Saturday, 6 November 2010

Let Me In - Cineworld - 30/10/10

"How old are you?"

"12. But I've been 12 for a long time."


"Are you a vampire?"

"I need blood to survive."


"Let Me In" is a world away from the perfectly coiffured, heart-throb, dullards of "Twilight" or "True Blood".

Where many vampire tales live in a world of fantasy and impossibility "Let Me In" is rooted in a world that we all recognise. Don't we all have moments where we too feel like we have been "...12 for a long time" and don't we all need "blood to survive"? It is that anchor in the things we all share in common that makes this film worthwhile where "Twilight" is, for all reasonable people, worthless.

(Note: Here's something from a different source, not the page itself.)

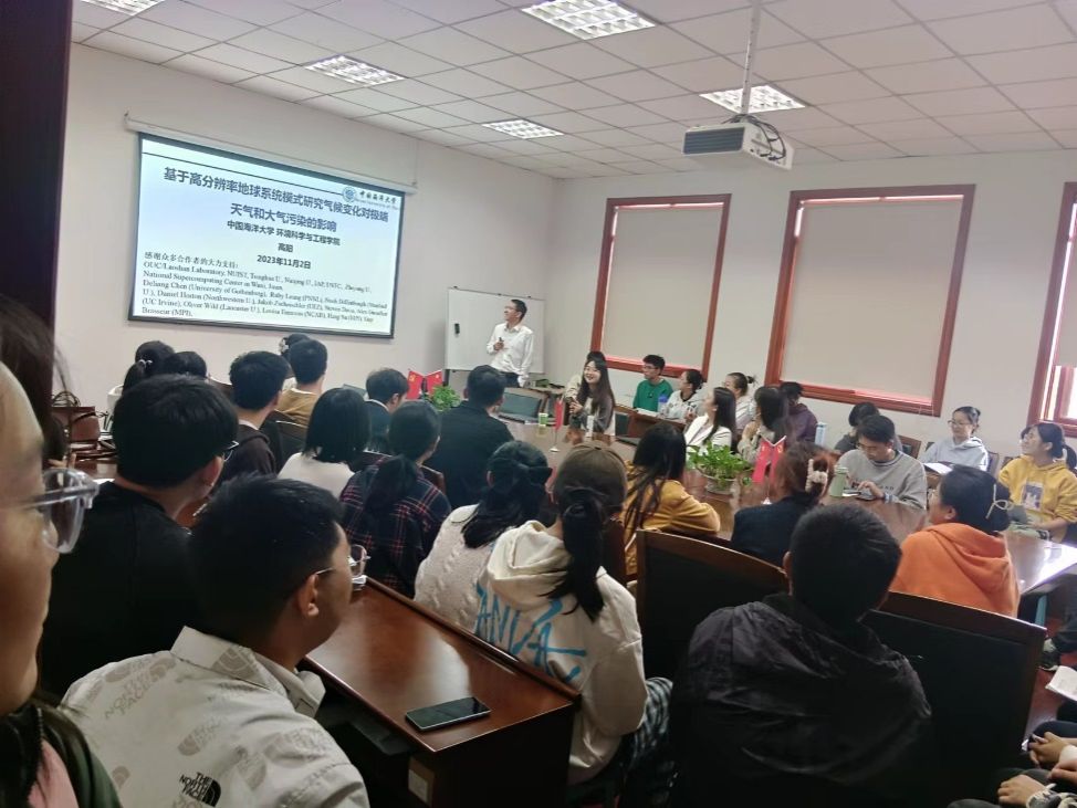 高阳教授就基于高分辨率地球系统模式中的涡热传输计算方法、臭氧、对海洋和大气热浪等极端天气事件和大气污染物的模拟效果等进行了口头报告。会后,张小玲教授等和在场的研究生们与高阳教授,就高分辨率资料在气候影响健康方面的应用、模式模拟预测新粒子生成的动力条件等当前领域热点问题,进行了深入的探讨。

12 year old Owen lives in the sort of place where people leave...nobody ever arrives. It's a non-town, a non-place. In the middle of a savage, snow soaked, winter somebody does arrive; Abbi along with her father. They take up residence in the apartment next to Owen and instead of hanging curtains and handing out cookies to their neighbours they black out the windows and lock themselves in.

Owen is a victim. His mother isn't really there; permanently shrouded in her nightgown and lost in a drunken haze she is an ethereal presence on screen and in Owens life. His father is a voice at the end of a telephone...even further removed than the mother. At school he is tormented, tortured, by an unholy trinity of bullies who inflict the most awful physical and psychological pain on him.

Slowly, surely and inevitably we learn that Abbi is not what she appears to be...but then how does that make her any different to any of us? Her "father" is, we learn, the man who at one time was a boy like Owen who has devoted his life to helping Abbi...helping her to feed, helping her to hide and helping her to survive by murdering and bleeding young people for her.

As Owen and Abbi draw closer the "father" is pushed further and further away. It is clear that he is being replaced, clear that Abbi, despite having an emotional connection with Owen, is also aware that as "father" ages his usefulness will fade and a younger, more able and more devoted assistant is needed.

"Let Me In" is the sort of intelligent, thoughtful and thought provoking film that all too rarely finds its way into the multiplex. With performances from two brilliantly gifted actors in the shape of Kodi Smit-McPhee and Chloe Moretz and a script that is faithful to both the original novel by John Ajvide Lindqvist and the original film by Tomas Alfredson "Let Me In" still manages to be, defiantly, original and evidently its own film.

There are moments of real, pure horror from both the real world (the bullying of Owen, the murders by "father") and the supernatural world of Abbi (the violent attack in the underpass) and there are also moments of heartbreaking emotion (Owens painful conversation with his father, the tender, blood soaked, embraces of Owen and Abbi) which all combine to make a film that is beautifully terrifying.

1 comment:

  1. I'm glad you saw it. I really loved it. It was such a bittersweet and horrifying story. Need to see it again.